AMEBaS: Automatische middellijnextractie en achtergrondaftrekking van ratiometrische fluorescentie-time-lapses van gepolariseerde afzonderlijke cellen
概要
De huidige methoden voor het analyseren van de intracellulaire dynamiek van gepolariseerde eencellige cellen zijn vaak handmatig en missen standaardisatie. Dit manuscript introduceert een nieuwe beeldanalysepijplijn voor het automatiseren van middellijnextractie van enkele gepolariseerde cellen en het kwantificeren van spatiotemporeel gedrag van time-lapses in een gebruiksvriendelijke online interface.
Abstract
Celpolariteit is een macroscopisch fenomeen dat wordt vastgesteld door een verzameling ruimtelijk geconcentreerde moleculen en structuren die culmineren in het ontstaan van gespecialiseerde domeinen op subcellulair niveau. Het wordt geassocieerd met het ontwikkelen van asymmetrische morfologische structuren die ten grondslag liggen aan belangrijke biologische functies zoals celdeling, groei en migratie. Bovendien is de verstoring van de celpolariteit in verband gebracht met weefselgerelateerde aandoeningen zoals kanker en maagdysplasie.

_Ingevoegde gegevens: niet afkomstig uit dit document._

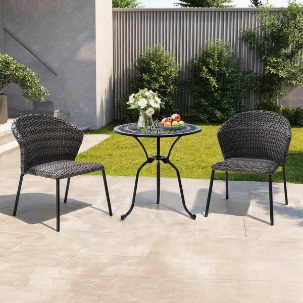 2-Piece Outdoor Garden Stackable Wicker Dining Chairs in Grey
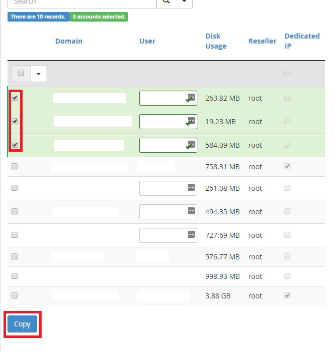 You can also click the ‘Packages’ tab and select any custom Packages to transfer over as well. This would include settings for accounts such as quota, number of databases etc.
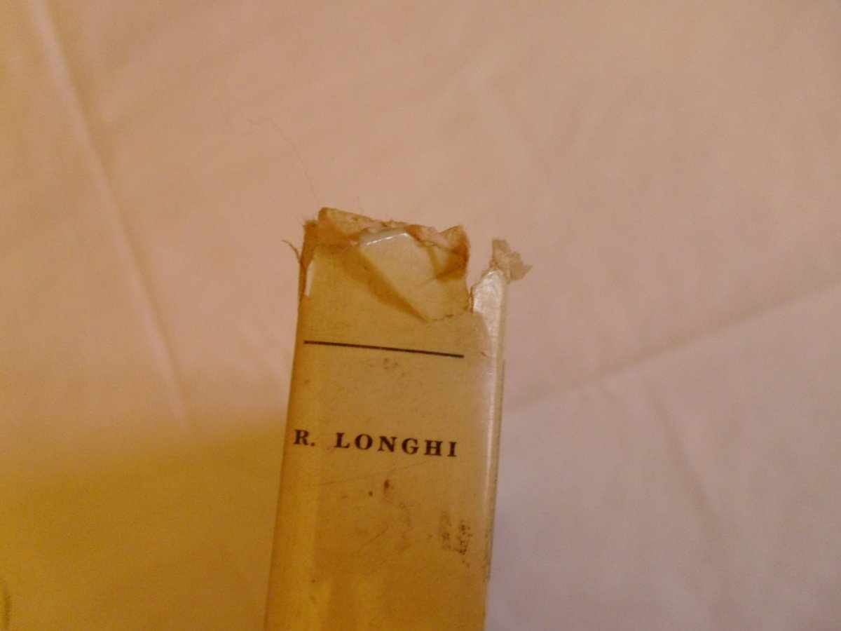 R. Longhi, Correggio La camera di San Paolo a Parma Società Emiliana Di Esercizi Elettrici Di Parma, 1956; cm 39,5x30; pp. 47 + 63 tavole a col. e 2 tav. in b. n. f. t.; cartonato tutta tela edit. con titoli in oro anche al dorso con sovraccoperta fig. a col.; cofanetto di cartoncino muto. Condizioni di conservazione Esemplare in buone condizioni di conservazione. Una macchia all'angolo inf. destro della coperta e qualche minimo strappetto alle cuffie del dorso della sovraccoperta. Evidenti tracce d'uso del cofanetto muto. Vedi foto. SETT206.L17725G
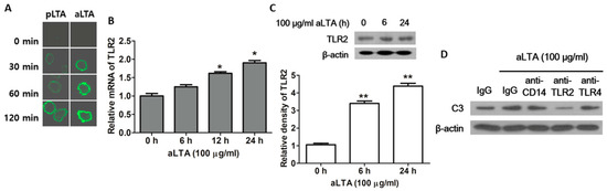 3.2. Toll-Like Recptor (TLR) 2 Is Involved in aLTA-Mediated C3 Expression
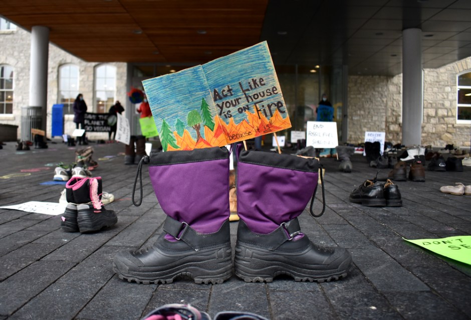 “The shoes represent the people who would otherwise be standing here at a regular Fridays for Future march, and they also represent the climate refugees who have been displaced as well, so there are a lot of different meanings here,” said Kellie Elrick, a grade 12 student at John F. Ross who was one of the handful of students at City Hall organizing the protest.
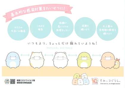 新型コロナウイルス感染症の広がりが心配されています。基本的な感染対策をたいせつに!マスクや手洗いの徹底・こまめな換気・体調が悪いときは無理をしない・混雑を避けよう・大人数や長時間の飲食を避けよう、自分ができる感染対策を続けましょう。
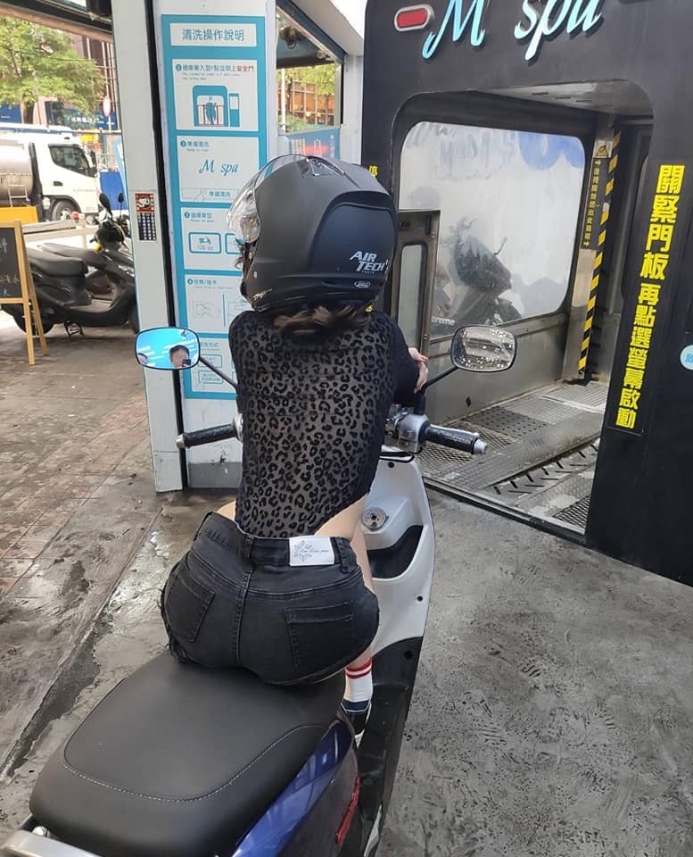 ▼正妹的小蠻腰和臀線讓不少網友看得凍未條。(圖/翻攝自M Spa自動化機車洗淨中和店臉書)
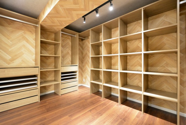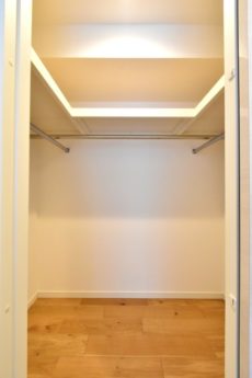 お部屋には、間口が広くて使い易そうなクローゼットも付いていました。天井までの高さがある大きなものです。中がまたお洒落ですね。
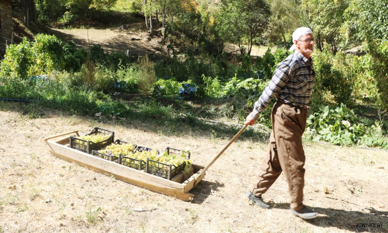 HAKKARİ'nin Şemdinli ilçesinde geçimini üzüm üreterek sağlayan Süso Çakar (80), hasat ettiği üzümleri geleneksel yöntemle kızakla kilometrelerce taşıyarak köyüne indiriyor. Çakar, tek geçim kaynağı olan bu işi severek yapmanın mutluğunu yaşadığını söyledi.Şemdinli ilçesi Altınsu köyünde yaşayan 12 çocuk babası Süso Çakar, 65 yıldır geçimini üzüm üretimiyle sağlıyor. Kendisine ait dağlık arazilerde kurulu üzüm bağlarında tek başına çalışan Çakar, sabahın erken saatlerinde bahçesine gidip gün boyu üzüm topluyor. Hasat ettiği üzümleri ise kızakla taşıyarak yaklaşık 3 kilometrelik dik yamaçtan köyüne indiriyor. Çakar, bir ay boyunca hasat ettiği yaklaşık 8 ton üzümü satarak geçimini sağlıyor.Çocukluğundan beri üzüm üretimiyle uğraştığını söyleyen Çakar, bağların köye yaklaşık 6 kilometre uzaklıkta olduğunu, bu işi babasından öğrendiğini ve yıllardır aynı yöntemle sürdürdüğünü söyledi. Çakar, "Babamla birlikte dağdaki bağlara gider, üzümleri kızakla köye indirirdik. Şimdi de öyle indiriyoruz. Babamdan sonra bu iş bana kaldı" dedi.‘BU YIL 8 TON ÜZÜM SATTIM’80 yaşında olmasına rağmen işini severek yaptığını belirten Çakar, ailesinin tek geçim kaynağının üzüm olduğunu söyledi. Yaklaşık bir ay süren hasat döneminde 8 tona yakın üzüm hasat ettiğini belirten Çakar, "Bu sene üzüm hasadımız umduğumdan daha güzel oldu. Bu sene 8 ton üzüm sattım. Hala da topluyorum. Üzüm bağlarım dağda olduğu için toplanması indirmesi biraz zor oluyor. Sabah erken saatlerinde kasalarımı alıp bağa çıkıyorum gün boyunca hasat ettiğim üzümleri kasalara dolduruyorum. Bir sonraki gün ise sırtıma kızak alıp 3 kilometre yokuş çıkıyorum. Topladığım üzüm kasalarını yükleyip çekiyorum. Hem zevkli hem de zahmetli bir iş. Benim 12 çocuğum var ve 11 çocuğumu üzüm satarak okuttum" diye konuştu.
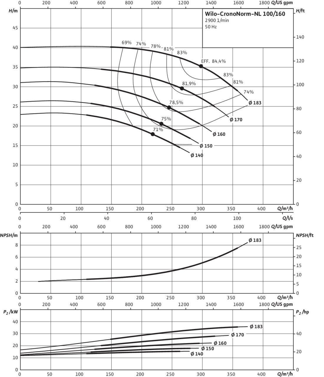 Электродвигатель IEC с 3 термодатчиками. Уплотнение вала посредством скользящего торцового уплотнения до температуры 120 В°C. Корпус из серого чугуна, вал из нержавеющей стали, рабочее колесо из серого чугуна (рабочее колесо из бронзы доступно за дополнительную плату). Электродвигатели с технологией IE3.
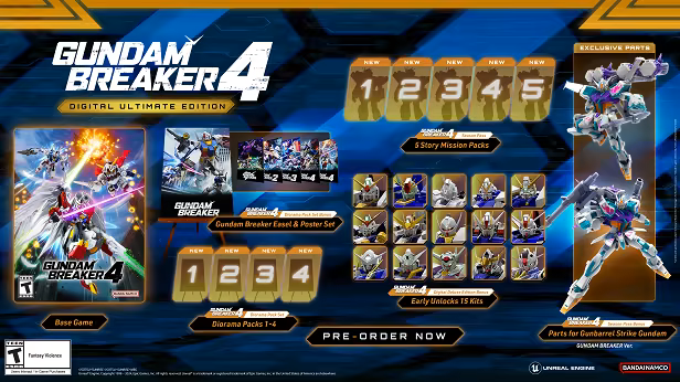 - Diorama Pack Set Bonus (Gundam Breaker Series easel and poster set to display in Diorama Mode)
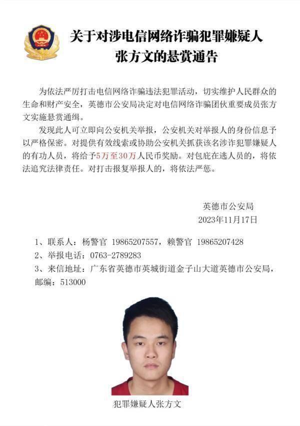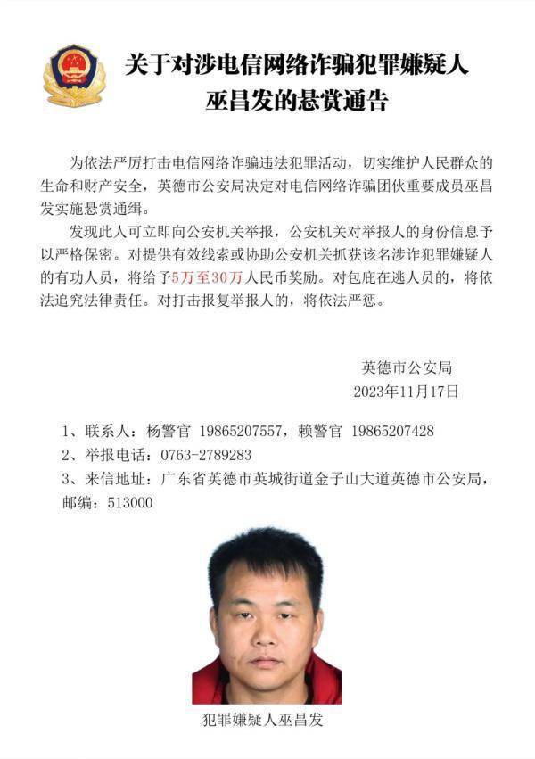 据“英德公安”微信公众号消息,近日,广东英德市公安局发布悬赏通告,对电信网络诈骗团伙重要成员张永胜、丘小雄、徐培星、张方文、巫昌发、邓宝运、邓海坚实施悬赏通缉。发现上述人员可立即向公安机关举报,对提供有效线索或协助公安机关抓获该名涉诈犯罪嫌疑人的有功人员,将给予5万至30万元人民币奖励。详细内容如下:
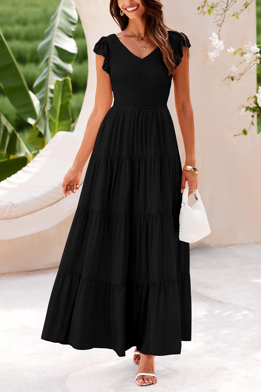 PRETTYGARDEN Women's Summer Flowy Maxi Dress Casual Cap Sleeve V Neck Smocked Beach Sundress(Solid Black)
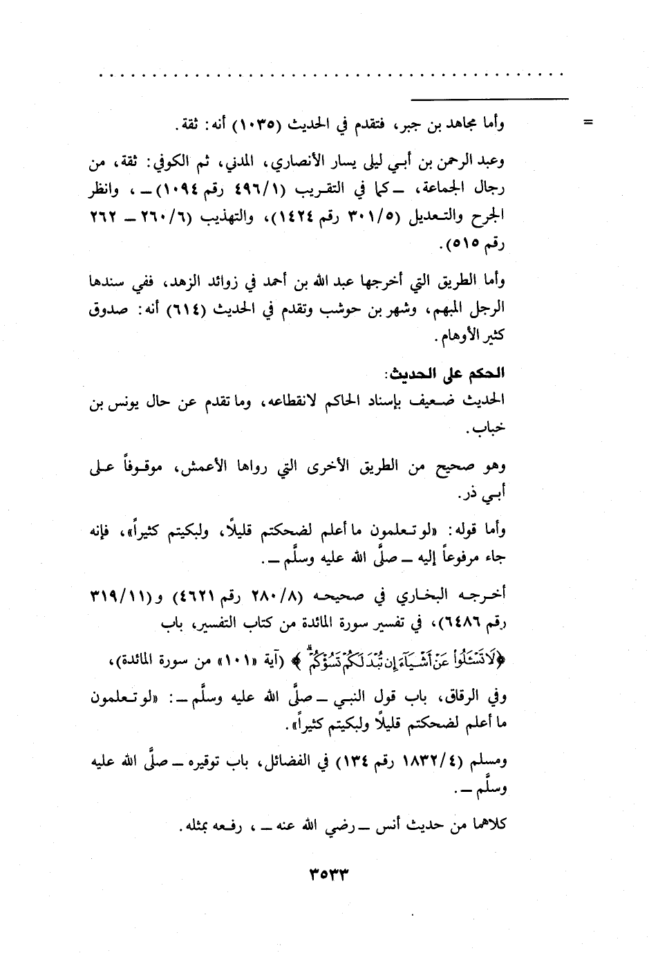 وأما قوله: "لو تعلمون ما أعلم لضحكتم قليلاً، ولبكيتم كثيراً"، فإنه جاء مرفوعاً إليه -صلى الله عليه وسلم-.
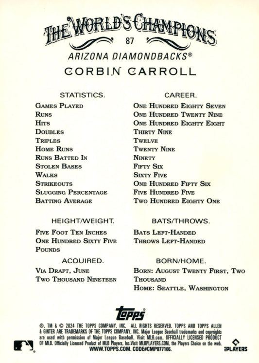 Corbin Carroll 2024 Topps Chrome Allen & Ginter #87

De huidige methoden om de spatiotemporele dynamiek van fluorescerende reporters in individuele gepolariseerde cellen te evalueren, omvatten vaak handmatige stappen om een middellijn langs de hoofdas van de cellen te traceren, wat tijdrovend is en vatbaar voor sterke vooroordelen. Bovendien, hoewel ratiometrische analyse de ongelijke verdeling van reportermoleculen kan corrigeren met behulp van twee fluorescentiekanalen, zijn achtergrondaftrektechnieken vaak willekeurig en missen ze statistische ondersteuning.
Dit manuscript introduceert een nieuwe computationele pijplijn om het spatiotemporele gedrag van afzonderlijke cellen te automatiseren en te kwantificeren met behulp van een model van celpolariteit: pollenbuis/wortelhaargroei en cytosolische ionendynamiek. Er werd een algoritme in drie stappen ontwikkeld om ratiometrische beelden te verwerken en een kwantitatieve weergave van intracellulaire dynamiek en groei te extraheren. De eerste stap segmenteert de cel vanaf de achtergrond en produceert een binair masker door middel van een drempeltechniek in de pixelintensiteitsruimte. De tweede stap volgt een pad door de middellijn van de cel door middel van een skeletvormingsoperatie. Ten slotte levert de derde stap de verwerkte gegevens als een ratiometrische timelapse en levert een ratiometrische kymograaf op (d.w.z. een 1D-ruimtelijk profiel door de tijd heen). Gegevens van ratiometrische beelden verkregen met genetisch gecodeerde fluorescerende reporters van groeiende stuifmeelbuizen werden gebruikt om de methode te benchmarken. Deze pijplijn zorgt voor een snellere, minder bevooroordeelde en nauwkeurigere weergave van de spatiotemporele dynamiek langs de middellijn van gepolariseerde cellen, waardoor de kwantitatieve toolkit die beschikbaar is om celpolariteit te onderzoeken, wordt bevorderd. De AMEBaS Python-broncode is beschikbaar op: https://github.com/badain/amebas.git
Introduction
Celpolariteit is een fundamenteel biologisch proces waarbij de gecoördineerde actie van een verzameling ruimtelijk geconcentreerde moleculen en structuren culmineert in de oprichting van gespecialiseerde morfologische subcellulaire domeinen1. Celdeling, groei en migratie zijn afhankelijk van dergelijke polariteitsplaatsen, terwijl het verlies ervan in verband is gebracht met kanker bij epitheelweefselgerelateerde aandoeningen2.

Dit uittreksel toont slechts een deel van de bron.